Diving Into Life

Fall 1997

On Valentine's Day, 1996, Leslie Hotson, then 13, was in the hospital for a tune up. She had been on the waiting list for a transplant for six months. At 6 A.M. she got a call informing her that the doctors might have a new pair of lungs for her and they were going to check them out. She went through her normal morning routine (treatments, meds and school at the hospital). At 12:30 she was told the lungs were good and that she needed to be ready to go in for surgery at 1 P.M.! Even still, Leslie claims she was not nervous, just excited. During her five-hour surgery, her mom and dad, Tib and John Hotson, waited anxiously. While the surgery went well, it wasn't until the next day that Tib and John could talk to their daughter. Tib remembers Leslie's first "words" post-op. Leslie handed her mom a piece of paper that had "my kids" scrawled on it. Tib tried in vain to decode the message and turned to the nurses for help. The nurse pointed to the T.V. and told her that Leslie wanted to watch "All My Children." Tib knew that was a good sign!

Not all things returned to normal as quickly as her favorite soaps schedule. In fact, the road to good health was long and difficult. Leslie remembers vividly how excessively thirsty she felt and would ask to brush her teeth just so she could suck the extra water from the brush. In time she was allowed food and drink, but her post-op meds frequently made her feel nauseous. This, along with the soreness from surgery, prevented her from wanting to move around much. She also hated wearing the required mask (necessary because of her immune suppression to prevent organ rejection) because she felt like she couldn't breathe. Eventually, the nurses wheeled her outside where she could take her mask off and there she began to try to walk again. Even after she was on her feet again, there were long months of recovery and strength-building exercises, doctors appointments and physical therapy.

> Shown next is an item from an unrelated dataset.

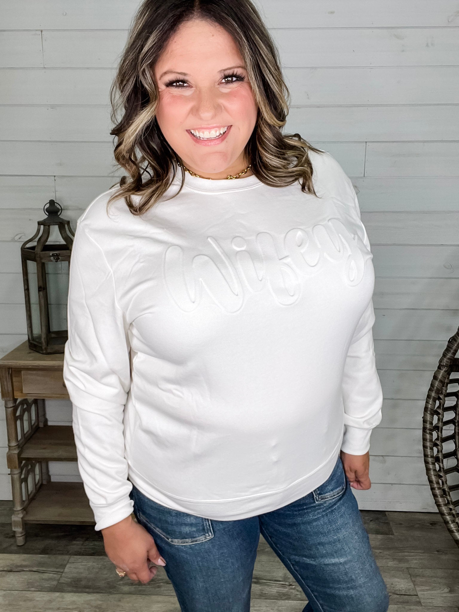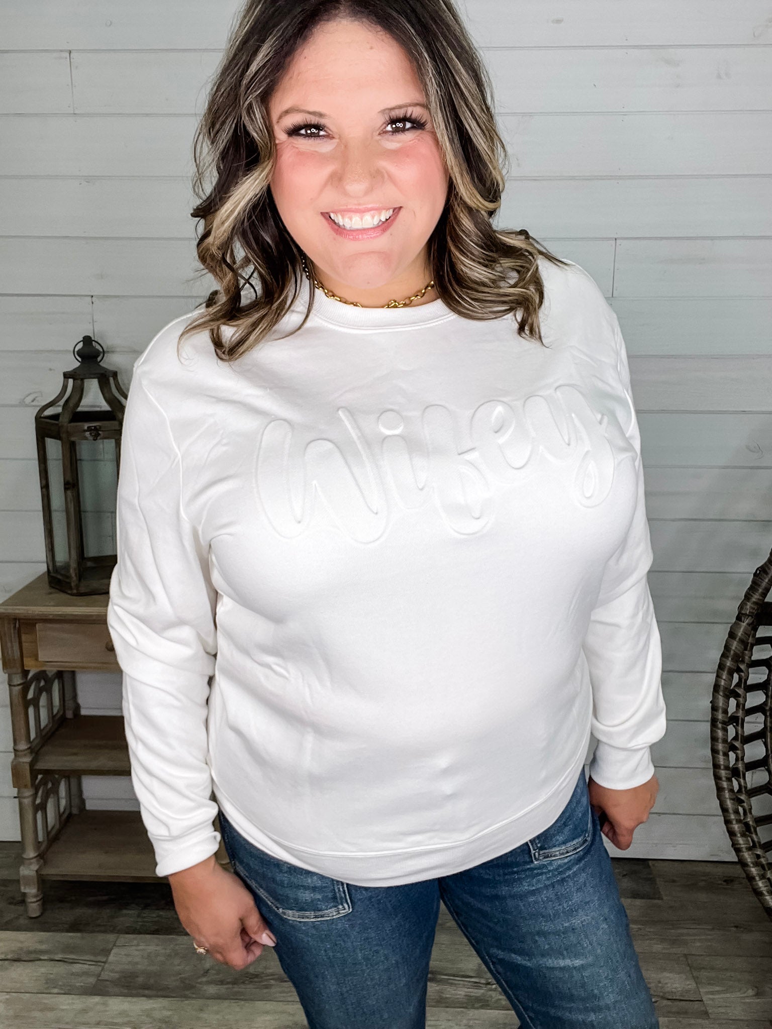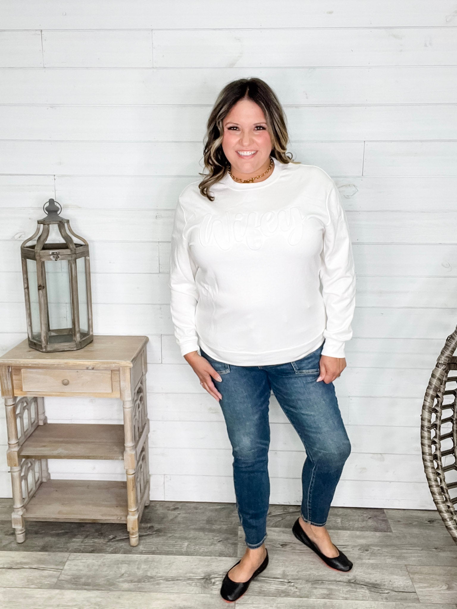 "Wifey" Embossed Crewneck Sweatshirt

Looking back, Leslie wishes she had pushed herself more post-op. That would be the only advice she would offer to anyone preparing to go through the procedure. She says, "The sooner you get yourself up and moving, the sooner you get your strength back." Almost two years later, Leslie has taken up diving and guitar in her new-found free time, and she described a thrilling river rafting trip her family took last summer. She now attends school full time and says to anyone contemplating the transplant, "Your life will be more fun!" With her bright, warm eyes, quick smile, positive attitude and enthusiasm for life, Leslie makes it all seem so easy!